Domestic violence occurs when a person consistently aims to control their partner through physical, sexual , or emotional abuse . The United States Department of Justice defines domestic violence as “a pattern of abusive behavior in any relationship that is used by one partner to gain or maintain control over another intimate partner.”
When Domestic Violence Becomes Part of Your Identity
Living with domestic violence over time can lead to a fusion of identity and diagnosis. You may find yourself thinking "I am domestic violence" rather than "I have domestic violence." This identity fusion has significant consequences:
- Reduces motivation (why try if this is just who I am?)
- Increases shame and stigma internalization
- Makes recovery feel like losing part of yourself
- Limits how others see you (and how you see yourself)
Reclaiming a Multidimensional Identity
Your identity is vastly larger than domestic violence. A powerful exercise: complete this sentence 20 times with anything other than your struggles:
"I am someone who ___________"
Values, roles, relationships, interests, history, capabilities — all form your identity.
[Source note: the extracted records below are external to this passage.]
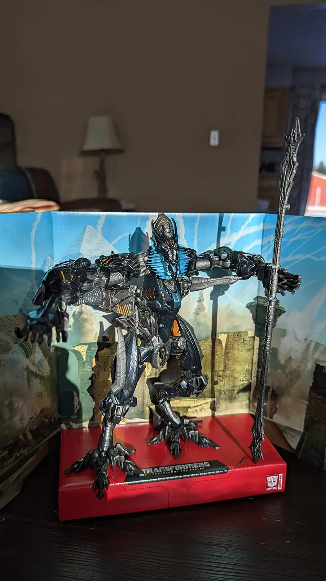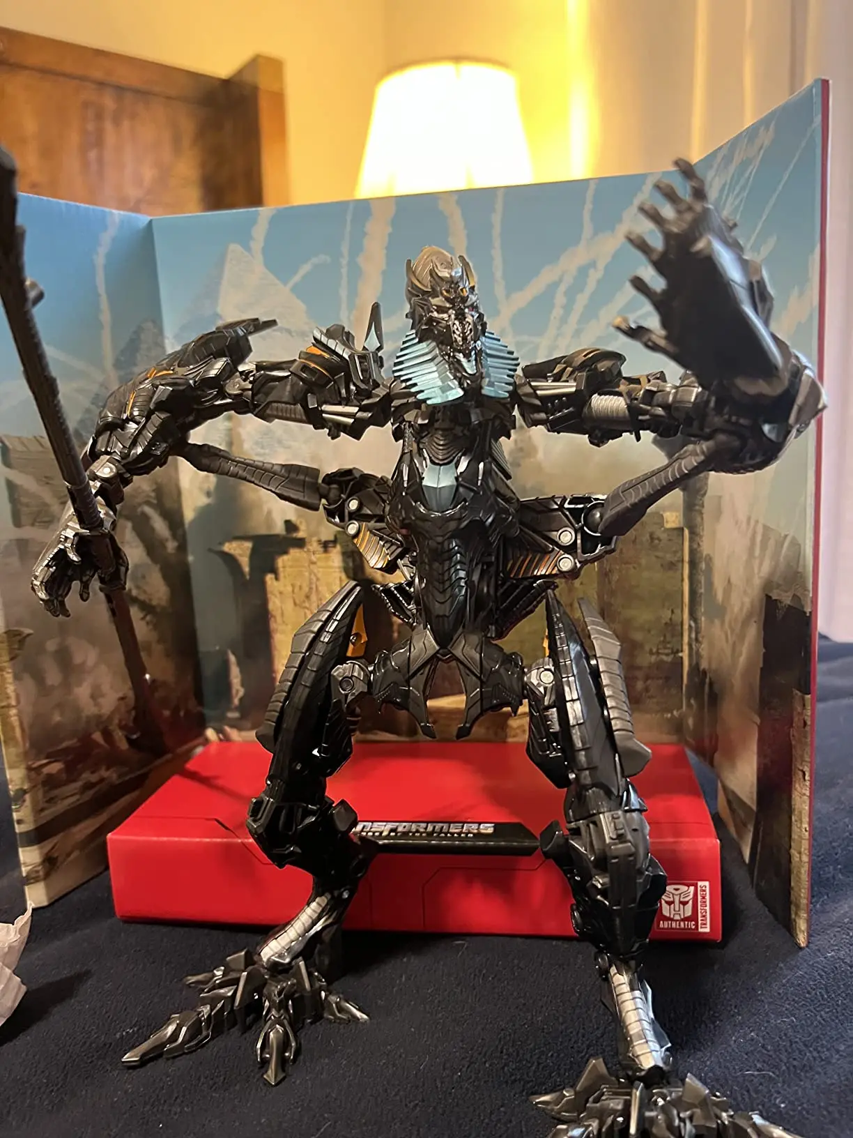 BIG SCREEN INSPIRED: Figure scale reflects the character's size in the world of Transformers: Revenge of the Fallen. Figure, packaging, and removable backdrop are inspired by the iconic Pyramid Desert Battle scene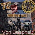 Dans cette émission on reçoit pour la deuxième fois Von Gasphalt depuis NYC. Il nous raconte tous ses derniers miles en moto, notamment les tests avec les nouveaux Road Glide et Street Glide de chez Harley Davidson. On discute aussi condition de conduite extrême, de sa préparation Dyna Low Rider Clubstyle, photographies… La playlist est courte, entre remix hip-hop et NYHC.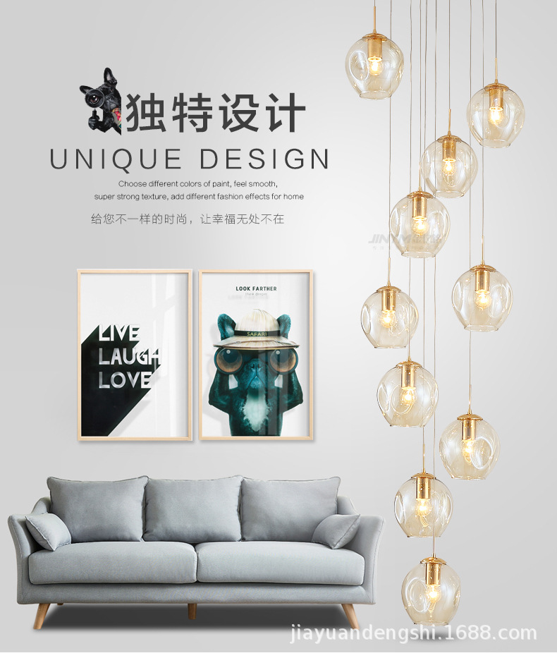 Modern minimalist ceiling long chandelier loft villa light luxury loft apartment living room large chandelier

Domestic Violence as One Chapter, Not the Whole Story
Narrative therapy offers a powerful reframe: domestic violence is one story in a much larger life narrative. You are the author, not the character defined by struggle.
Externalizing the problem: Practice talking about "Domestic Violence that visits me" rather than "my Domestic Violence." This linguistic shift creates psychological distance and agency.
Building Identity Beyond Domestic Violence
- Invest in relationships that see your full self, not just your struggles
- Pursue interests unrelated to mental health — art, sport, learning, creativity
- Find meaning — purpose larger than symptom management provides identity anchor
- Contribute to others — giving to others builds positive identity components
- Celebrate growth — document how you've changed, overcome, adapted
The Strengths That Domestic Violence Builds
Many people find that navigating domestic violence develops genuine strengths: deep empathy, resilience, self-awareness, creativity, and a hard-won wisdom about what matters in life.